江近月忍无可忍,转头一个眼刀杀过去:“我是不是给你脸了?”
杨瑞禾反应过来,被彻底激怒,直接爆了粗口:“我道你mb!”然后利用身高优势把江近月她们护在身后,指着那个红发男说:“你是个什么东西?还想要道歉也不撒泡尿看看自己配不配!”
红发男听到这句话也开始破口大骂:“一群出来卖的,在这里装清纯……”
徐若晗眼看战斗要打响,趁人不注意拿过一个酒杯捏在身后,还给江近月塞了一个。
“你在狗叫什么?”这时七八个男生冲了进来,把红发男几人围住。
援军终于到了,江近月松了一口气,然后默默把酒杯放回了桌子上。
周砚川表情狰狞,气势凌厉,大步逼近那个红发男威胁着说:“你是想死吗?”
红发男一看来的这几个身材高大的精壮男人瞬间失了脾气,陪笑道:“我只是和几个妹妹开个玩笑。”

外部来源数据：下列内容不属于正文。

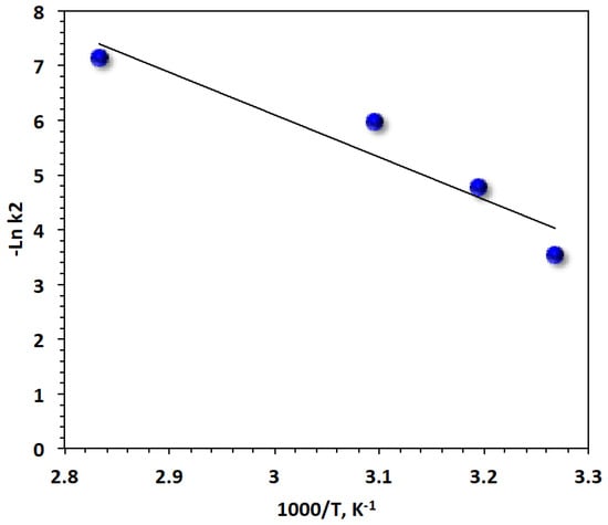 To understand the reaction for real applications, thermodynamic parametric values were calculated for a photo-Fenton oxidation system based on Saccharum officinarum. The activation energy (Ea) of the Brown dye oxidation can be calculated [] by using the Arrhenius equation revelation equation for the kinetic rate constant, , where Ris the universal gas constant value (8.314 J mol−1K−1), T is the reaction temperature in kelvin quantity, and Ais the pre-exponential constant. Then, taking the natural log of the Arrhenius formula and plotting versus 1000/T (Figure 12), a straight-line relationship is achieved where its slope could be used to calculate (energy of activation). The activation energy of the system was recorded at 64.43 kJ mol−1.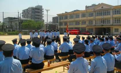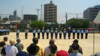 5月22日(日)午前7時から9時30分まで富小路グランドで,上京消防団総合査閲が実施されました。本年度は,本校校区にある地域の消防分団が参加をされました。29日に消防活動総合センターで行われる査閲に向けて,今日は,本校の運動場で日頃の練習成果を披露され,たくさんの方々が激励にこられました。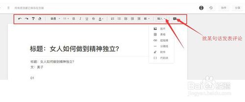 对于WORD文档工具,调节字体大小,插入链接、或者横线都是很齐全的,另外还具备了“评论”功能,比如方案中对某一点有疑问,或者不同的看法,可直接在线写好,公司里的其他人也能同时看到你写的内容,真的很方便。

周砚川冷笑道:“那我把你废了,是不是也能说是玩笑?”
黑T也忙说:“我们给几个姐姐道歉!对不起对不起,我们不对。”
“还以为多牛呢,原来也是几个色厉内敛的蠢货。”江近月翻了个白眼。
“滚!”
红发男几人赶紧跑路了。
回去的路上,杨瑞禾很有眼力劲带着徐若晗和范书怡先一步回了宿舍。
江近月看着表情很难看的周砚川,试探着问:“生气啦?”
周砚川确实很生气,也有点控制不住自己的脾气:“你们几个女生怎么能单独去那种小酒吧喝酒?今天要不是我在你们准备怎么收场?”
江近月摸了摸鼻子,自知理亏,低声道歉:“是我没考虑好,以为在学校后门没事……”
“你以为?”周砚川烦躁地打断她:“我一来就听到那个傻逼对你们说那些不干不净的话,我真的很想把他废了。”
江近月从来没见过他发那么大脾气,一时不该怎么安抚,只能站在那里一言不发。
“近月……”周砚川声音突然弱了下来,带着几分哀求说:“和我在一起吧,我想随时知道你的信息,再有这种事,我可以更快出现在你身边。”
江近月心乱如麻,脑中的情绪在不断搅动,但还是咬了咬嘴唇说:“现在不行。”
“现在不行到底什么时候行?你给我个进度条好不好?”周砚川今天情绪极度不稳定,烦躁地在原地打转:“我真的很想知道,我到底哪里不好,还是说你心里其实一直有别人,所以才看不到我……”
“是,我心里有别人。”
周砚川本来还想继续释放情绪,听到这句话仿佛当头一棒,看着她难以置信,声音颤抖着问:“你说什么?”
两人沉默对视许久,江近月听到到树叶被夜风吹得乱响,认命般闭上眼,再睁眼时目光坚定清明无比:“所以我不能和你在一起。”
“什么时候的事?”周砚川从暴躁中逐渐恢复冷静和理智,语气没有丝毫温度。
“高中。”
“高中……”周砚川自嘲一笑,一边摇头一边说:“哈哈,你真是瞒得很好,我居然一点也没看出来,江近月,很好玩吗?看我这些年像个小丑一样围着你打转很有意思是吗?”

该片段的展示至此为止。